New Study: LGBT people, people of color and women use housing non-discrimination laws at similar rates
Posted by Melanie Nathan, Feb 09, 2016.
LGBT people file housing discrimination complaints based on sexual orientation and gender identity as frequently as people of color and women file complaints based on race and sex, according to a new analysis by Christy Mallory, senior counsel, and Brad Sears, executive director, at the Williams Institute.
One to five complaints are filed each year for every 100,000 LGBT adults, adults of color and women. Passing non-discrimination laws that ban discrimination based on sexual orientation and gender identity would not overwhelm government agencies.
The study examined complaints filed with state enforcement agencies based on sexual orientation or gender identity, race, and sex and adjusted them by the number of adults most likely to experience each type of discrimination – LGBT people, people of color, and women.
Data on discrimination complaints were collected from 18 of the 22 states that prohibited housing discrimination based on sexual orientation or gender identity. The states included in this study were California, Colorado, Connecticut, Hawaii, Illinois, Iowa, Maryland, Massachusetts, Minnesota, Nevada, New Hampshire, New York, Oregon, Rhode Island, Vermont, Washington, Wisconsin and the District of Columbia.
READ REPORT
How are these laws enforced? How is discrimination identified? Quotas? Do landlords now need to be on the edge in the presence of LGBT, afraid they’ll get sued if they choose a different tenant?
This sounds more like LGBT Supremacy than equality.

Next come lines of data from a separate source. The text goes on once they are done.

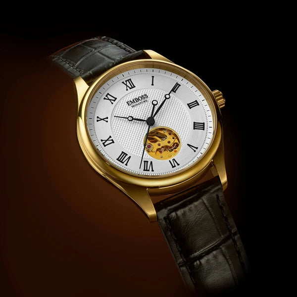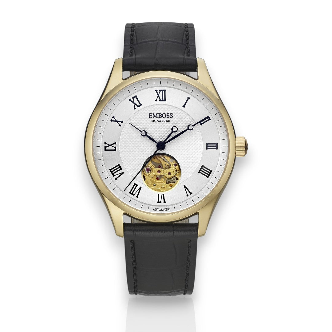 שעון זה מסדרת EMBOSS Signature מגלם את התמצית של אלגנטיות גברית ונוכחות מרשימה – שילוב הרמוני בין עיצוב קלאסי לאומנות השעון המודרנית.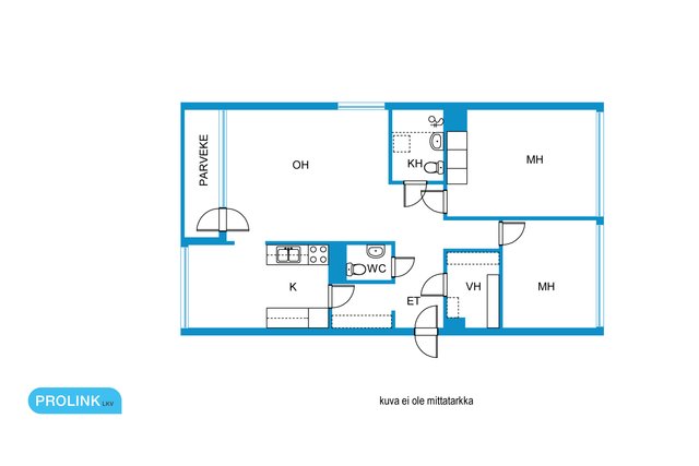 - Isännöitsijäntodistuksen mukainen, (Pinta-ala ei ole tarkistusmitattu ja todellinen pinta-ala voi olla suurempi tai pienempi, kuin ilmoitettu)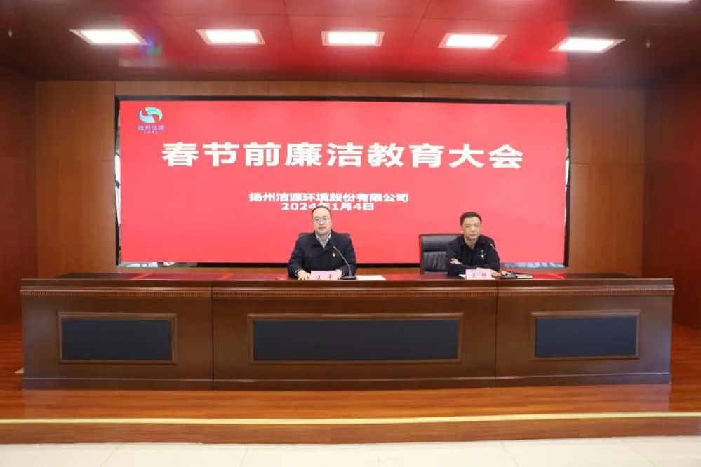 1月4日下午,潔源環(huán)境公司召開春節(jié)前廉潔教育大會,公司領(lǐng)導(dǎo)班子全體成員、全體中層干部及助理、重點(diǎn)崗位人員和供應(yīng)商代表參加會議。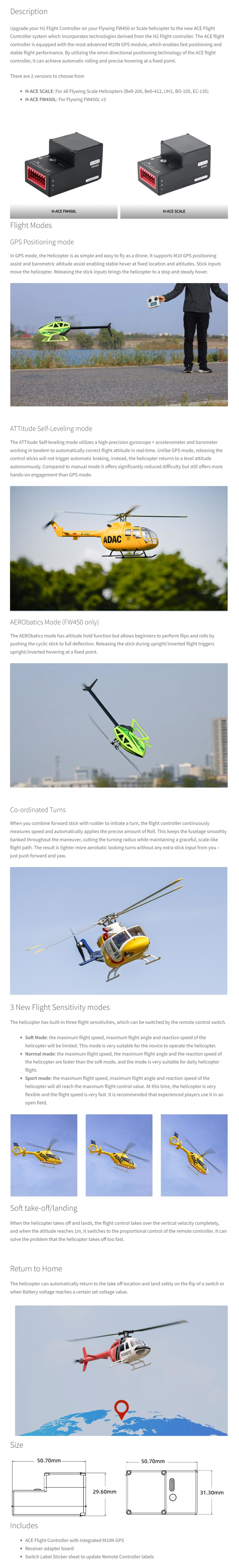 FLY WING ACE Flight Controller GPS locking FBL Gyro H-ACE SCALE for FLY WING Bell-206 Bell-412 UH-1 BO-105 EC135 RC HelicoptersScale / H-ACE FW450L for FLY WING FW450L V3 RC Helicopters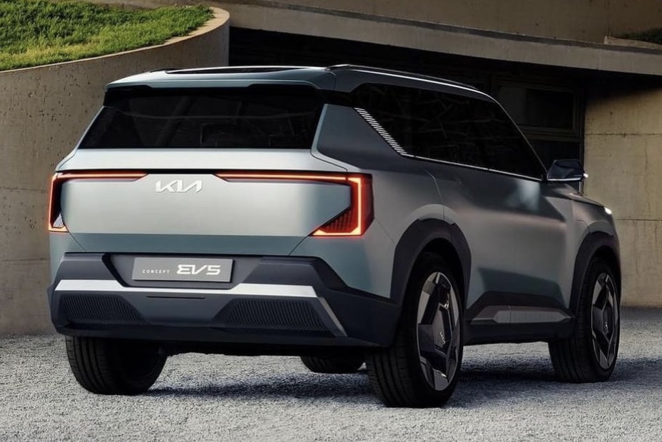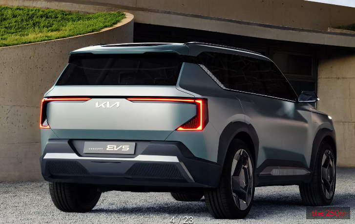 깊게 조각된 판금과 강인한 루프라인은 목적에 충실한 외관을 완성하고, 전폭 C-클램프 LED 테일램프와 스포일러, 대조적인 킥 패널이 후면부의 아름다움을 더욱 돋보이게 합니다. 콘셉트카 EV5의 실내 디자인은 강한 수평선과 밝은 색상의 소재를 사용해 매우 선형적이며, 재활용 및 친환경 소재를 사용했다고 알려졌습니다. 또한, 기존 기아 제품과 달리 디지털 계기판과 인포테인먼트 화면이 하나의 연속된 화면으로 통합되었습니다.
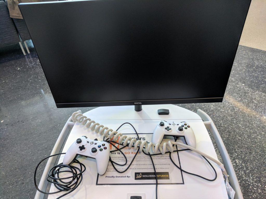 Have you heard about Gamers Outreach and their Project Go-Kart? Gamers Outreach builds portable, medical grade video game kiosks that allow hospital staff to provide bedside recreation for children who are unable to leave their hospital rooms. When we found out about this amazing organization we couldn't wait to get involved with them and set out to raise the $4,000 necessary to build and deliver one of their GO Karts. By donating a portion of sales in 2017 we were able to raise the funds and this past February we were able to join members of the Gamers Outreach team and J.J. Bouchard, the patient technology coordinator at C.S. Mott Children's Hospital in Ann Arbor, Michigan to deliver the GO Kart!

This is not an enforcement issue. These are not criminal laws. We are talking about civil lawsuits here. Its up to an individual to sue if they have been discriminated against. Often Fair Housing organizations – many of whom have HUD grants – help individuals or groups to sue. Its not LGBT supremacy at all. Let me give you an example. When I was VP on Board of Fair Housing Marin, we ran a voice audit in Marin County. We have 10 people call a landlord with Latina accents and they were all told that the apartment was taken. Ten seconds later we had an American caucasion accent call and that perosn was told to come in and see apartment and fill out an application. If you do an audit – of stereotypes – like two women showing up as a married coupe and get told the apartment is taken – and then a straight couple shows up and they are told the apartment is available. THAT is clear discrimination. We have been able to prove patterns at same places. This is real and hardly LGBT Supremacy. How homophobic of you to even suggest that a group which clearly suffers discrimination in housing – hence many new laws- is supreme!